Understanding the Sabbath (Part 5): Looking Ahead to a Future Eternal Sabbath

Understanding the Sabbath (Part 5)

Looking Ahead to a Future Eternal Sabbath

The Sabbath day eventually became associated with God’s redemptive plan for Israel. As mentioned in Deuteronomy 5:15, the Sabbath “released human and beast from the labors of the week, and likewise the Redeemer released Israel from its slavery” (Matthews, The New American Commentary – Genesis 1-11:26, p. 180). In Genesis, the seventh day is the only day of creation that did not mention and evening and then morning to complete the day. This absence suggests that this day has no end. God created man in his own image, and commands him to be fruitful and multiply and to watch over the land. He also later tells him to observe Sabbath rests, just as He observed during the Creation account.

This thought was further expounded upon as the rest became associated with the land of promise that lay before Israel. Rest in Canaan was intended for Israel, but Israel’s disobedience prevented this from being accomplished. When Jesus spoke later of giving rest to those who labor and are heavy laden, he is calling for people to have faith in him and commit themselves fully to God. Sailhamer comments that only those who believe enter that rest.

At creation, God set up a pattern that will be beneficial to His creation in the present state, yet also “will be necessary for him, yes, that which one day will receive him eschatologically in eternity” (von Rad, Genesis, p. 60-61). The seventh day’s lack of evening and morning is intentional making it an unlimited day. Continuing to develop this thought, von Rad adds “thus Genesis 2:1 speaks about the preparation of an exalted saving good for the world and man, of a rest ‘before which millennia pass away as a thunderstorm'” (von Rad, Genesis, p. 60-61).

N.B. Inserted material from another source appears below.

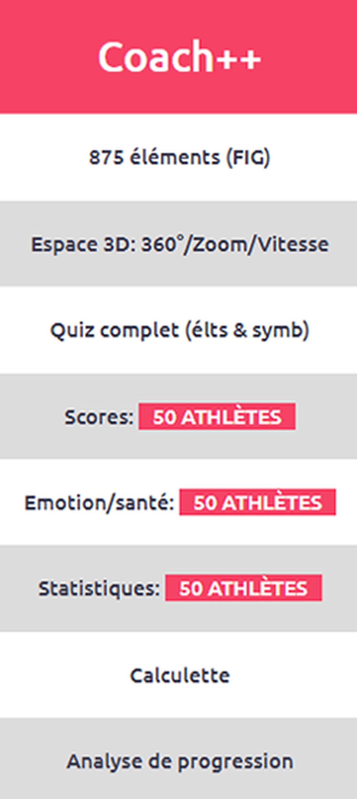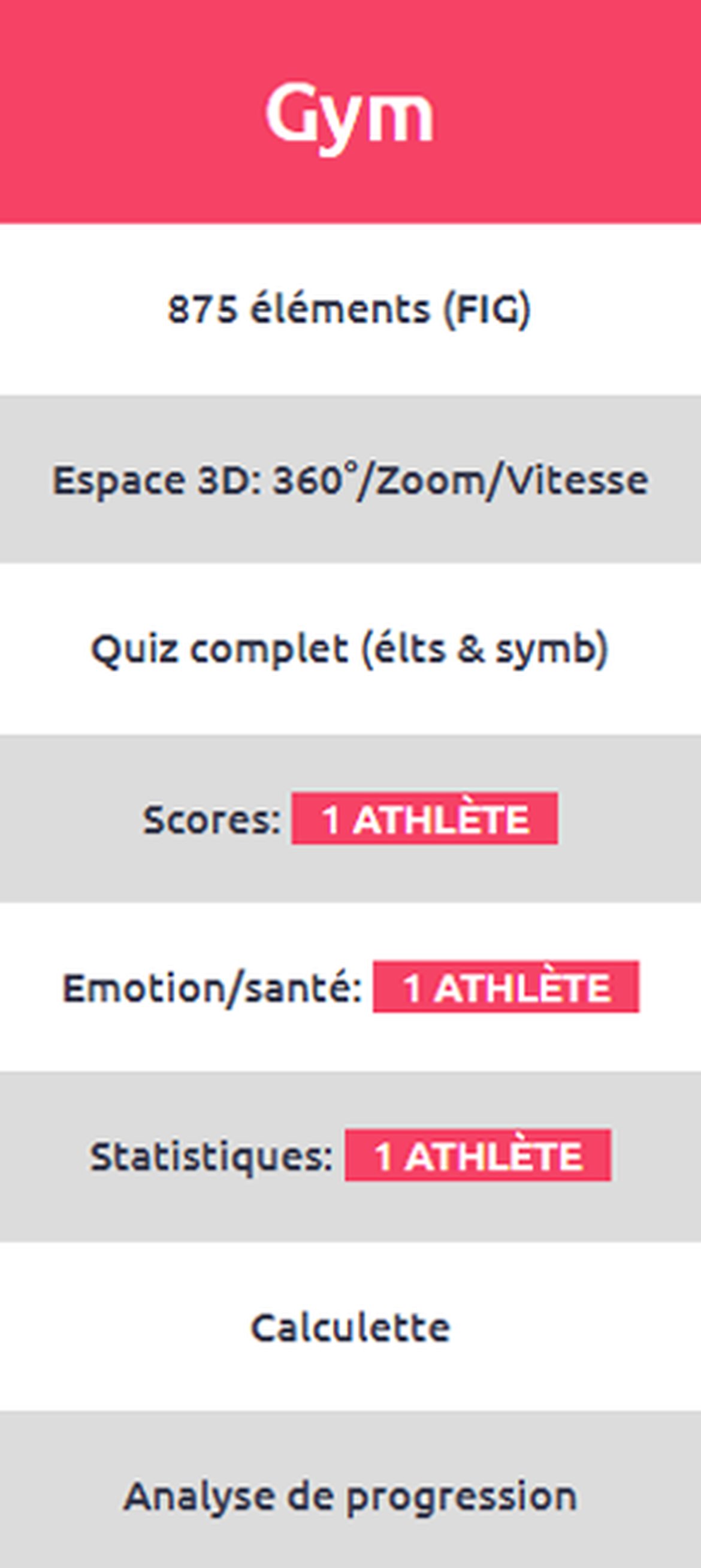 - Centraliser les compétitions, les entraînements et les données du gymnaste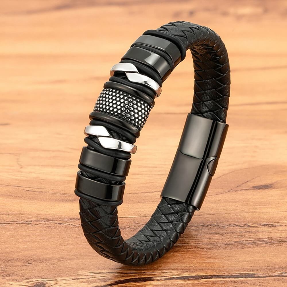 O couro trançado traz textura e resistência, enquanto o brilho do aço adiciona intensidade e sofisticação. Já o fecho seguro garante praticidade e confiança para acompanhar todos os momentos do dia.

The workweek for man starts over each week and can be considered recurring. God however has finished his work making rest in God eternal. Because of this eternal rest, theologically, creation’s seventh day should be seen as eschatological. The New Testament interprets God’s rest as such and specifically in Hebrews does the author identify a Sabbath rest that awaits those in Jesus Christ. The author of Hebrews uses this example as a warning against those who do not believe in Jesus as the Messiah. He warns that just as Israel failed to enter Canaan and the land of rest, the current generation may also miss the eternal rest by not believing in Jesus as Christ.

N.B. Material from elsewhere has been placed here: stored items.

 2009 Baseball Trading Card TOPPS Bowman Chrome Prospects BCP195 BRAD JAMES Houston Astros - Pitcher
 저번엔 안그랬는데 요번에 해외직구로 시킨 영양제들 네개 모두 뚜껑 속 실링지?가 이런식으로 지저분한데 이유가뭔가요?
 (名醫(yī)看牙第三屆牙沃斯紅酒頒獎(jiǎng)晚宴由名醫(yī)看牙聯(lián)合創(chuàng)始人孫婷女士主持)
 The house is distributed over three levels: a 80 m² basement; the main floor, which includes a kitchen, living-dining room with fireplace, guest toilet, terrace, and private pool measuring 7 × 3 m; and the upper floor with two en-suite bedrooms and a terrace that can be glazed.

The apostle Paul identified the Sabbath as a foreshadowing of the Lord and the church in its eternal state. “The old signs of circumcision, dietary laws, and Sabbath observance were set aside as ‘boundary markers for the people of the covenant’ (cf. Gal 4:10). Christians are circumcised in heart (Rom 2:29), undefiled by foods (John 15:3), and free to treat every day as sacred (Rom 14:5, 12; 1 Tim 4:3-5)” (Matthews, The New American Commentary – Genesis 1-11:26, p. 181). Through the resurrection of Jesus Christ, the Sabbath has provided a way to obtain the now recognized “Lord’s Day.” The church now sets aside the first day of each week as a day of worship. As Matthews states, this observance by the Christian community “proclaims the new creation, the era of messianic redemption” (Matthews, The New American Commentary – Genesis 1-11:26, p. 181).

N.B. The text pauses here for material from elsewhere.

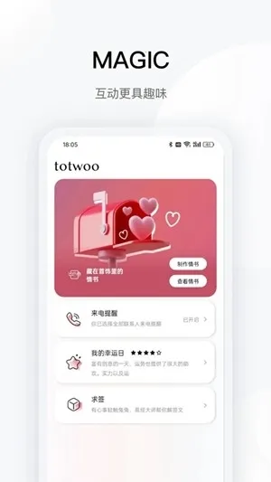 1、totwoo手链(情侣手链app)能带来独特且温馨的线上连接体验,让情侣之间更亲密。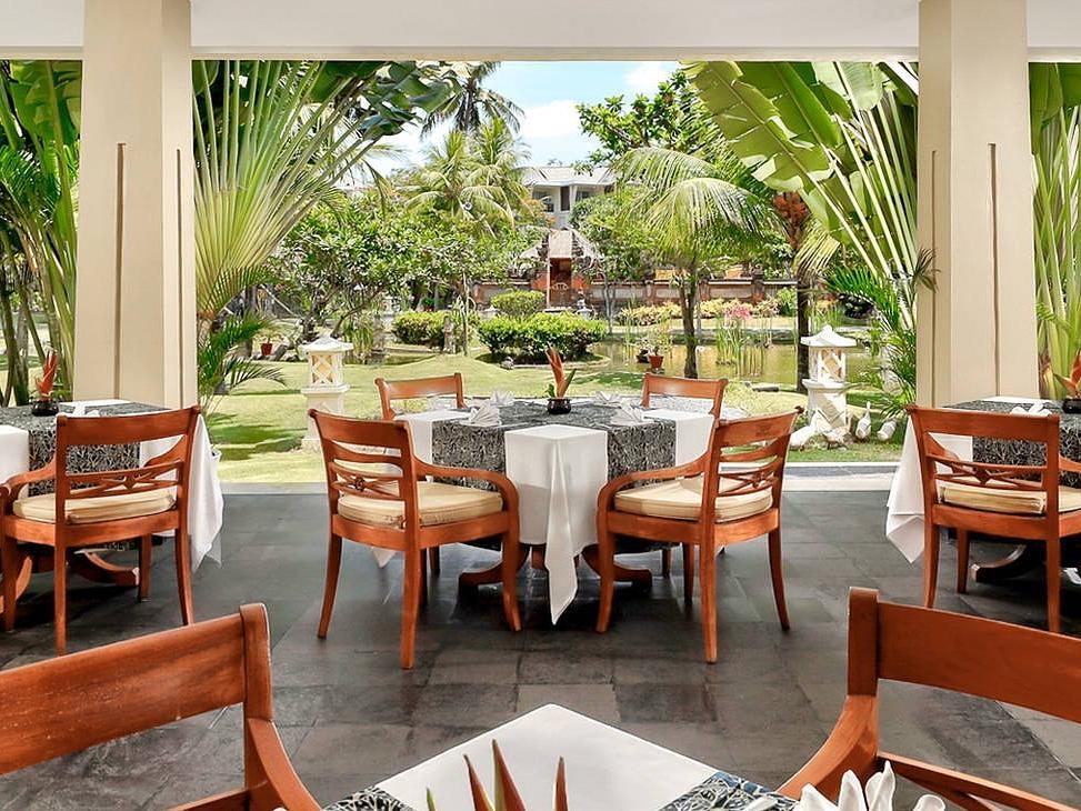 Hotel v Nusa Dua, který je považován za nejlepší plážovou lokalitu na Bali a zároveň je vzdálen od hlučných letovisek. Na letiště je to necelých 10 km a do Kuty (s širokou nabídkou obchodů, restaurací, barů a další zábavy) asi 15 km - dostupný taxíkem za cca 15 USD. Vedle hotelu se nachází 18jamkové golfové hřiště a nákupní centrum Bali Collection. |

Danny Akin describes the eternal state, defining it as “a new Jerusalem coming down from the heavens to a transformed and regenerated new earth” (Akin, A Theology for the Church, p. 873). In this new earth, all of God’s promises will be fulfilled. God will dwell with man, with His people.

“God’s creation purposes are fulfilled as humanity is fruitful and has multiplied, filling the earth (and perhaps beyond). The cultural mandate is fulfilled, with a glorious civilization built to the pleasure of God” (Akin, A Theology for the Church, p. 873). All the while, man will enjoy rest with the Father, because of God’s promises and the fulfillment of the promise through Jesus Christ.